Are you a survivor? We are not, luckily, all Gloria Gaynors. She declared in 1979: ‘I’ve got all my life to live, and I’ve got all my love to give/ And I will survive.’ She has so far made good on her promise.
Surviving afflictions unscathed is not always an unmixed virtue. ‘She would be earning a good living somewhere… The Mary Taylors of the world were natural survivors,’ wrote P.D. James in Shroud for a Nightingale in 1971. Now, even a new biography of Margaret Beaufort (1443-1509) is subtitled Survivor, Rebel, Kingmaker. But what of those poor people who have gone through the misery of child sexual ‘grooming’? Are they victims or survivors? Or should they be neither?
Last week, after he withdrew his name for consideration as the chair of the national grooming inquiry, the thoughtful retired policeman Jim Gamble made a comment using both terms: ‘The police have understandably lost the trust of victims and survivors because some were corrupt.’

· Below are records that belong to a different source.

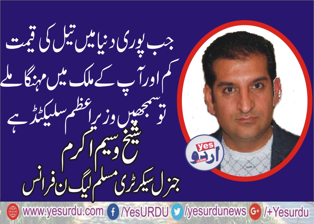 پوری دنیا میں تیل کی قیمتیں کم سے کم جبکہ پاکستان میں زیادہ وصول کی جارہی ہیں، ، نام نہاد ایماندار وزیراعظم اپنی پرانی تقاریرخود سن لیں یا اعتراف کرلیں کہ سلیکٹڈ کے پاس کوئی اختیار نہیں ہوتا، شیخ وسیم اکرم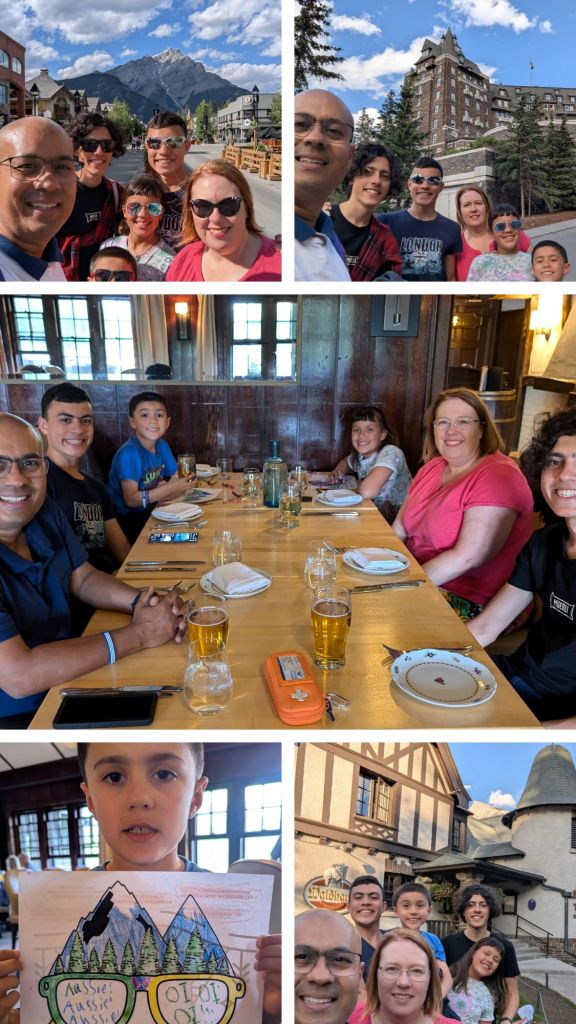We took a shuttle to the township of Banff and window shopped for an hour. Matthew lost his sunglasses on the flight over from Seattle yesterday so we got him a new pair. We went to a German restaurant called Waldhaus for dinner. Our waitress was Australian and originally from Adelaide. Thomas made her a little poster with “Aussie Aussie Aussie” on it.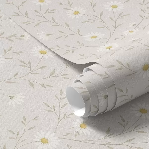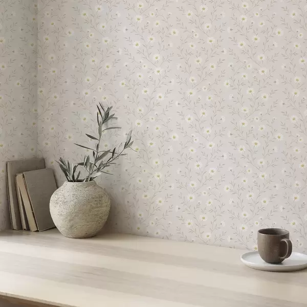 Шпалери Крихітні ромашки на гілочках, теплий бежевий колір Nr. a00777
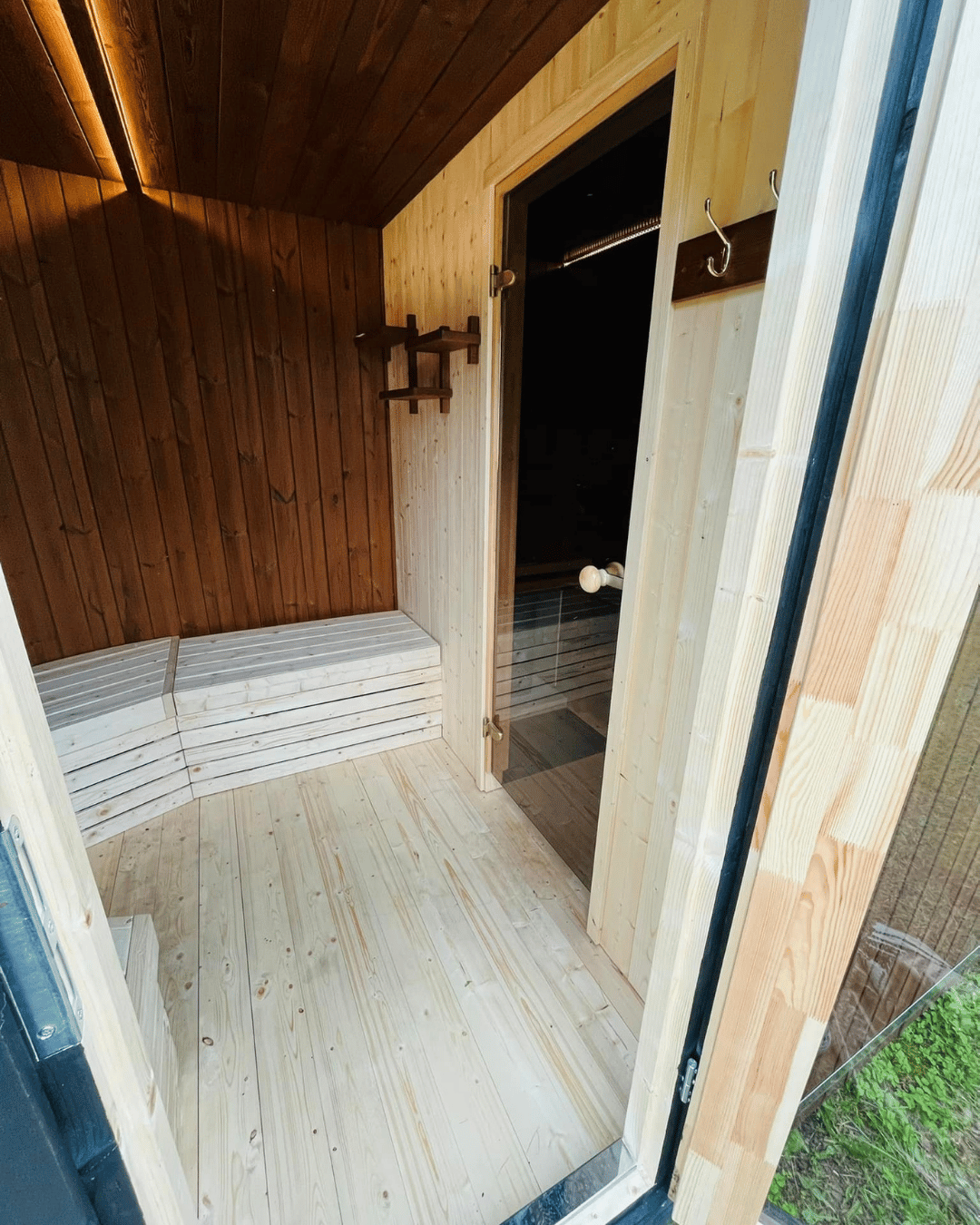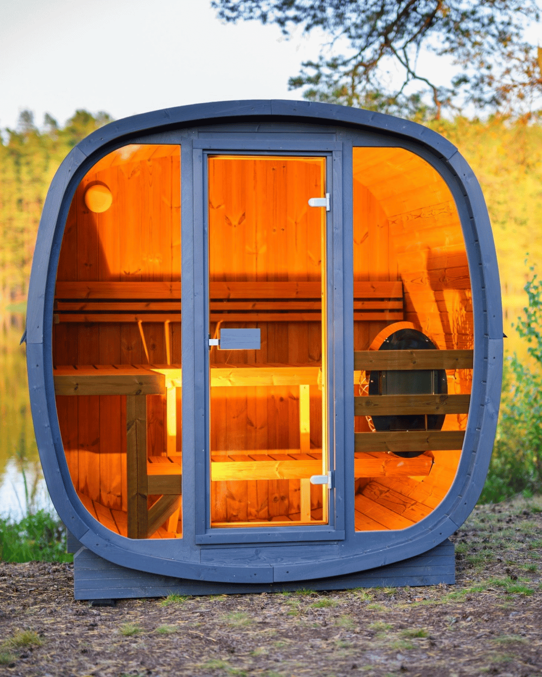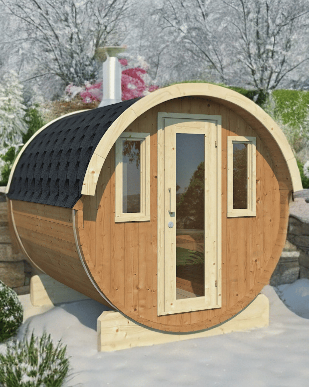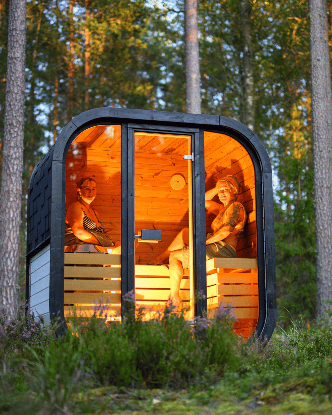 SaunaSupply UKU160 Cube Nordic Spruce / Thermowood 4 Person Outdoor Sauna - Includes Bucket, Ladle, Thermometor, SupiOil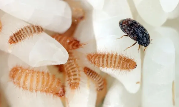 Bọ cánh cứng khapra là loại côn trùng nhỏ màu nâu dài tới 3mm ăn thức ăn dự trữ, khiến thức ăn không thể sử dụng được nữa.

In 2021, this sense of survivor was noticed by the OED as: ‘A person who has experienced a traumatic event or past abuse, especially of a sexual or psychological nature.’ In 1975 there was an example in the Los Angeles Free Press: ‘Welcome all survivors of rape, child molestation, welfare lines, botched abortions, unemployment and typing pools.’ There’s bathos in ‘typing pools’, oppressive as they might have been. As for victim, in the sense of ‘a person who has been intentionally harmed, injured, or killed’, the OED notes that ‘in some contexts survivor is now used in preference to victim’. Yet since 2004 a Victims’ Commissioner has been set up in law. She takes notice only of victims of crime. There has been a recent trend to turn misfortune into victimhood, as in the #MeToo and Black Lives Matter campaigns. Donald Trump presents his prosecutions as evidence of his victimhood, but when a bullet nicks his ear, he is a survivor.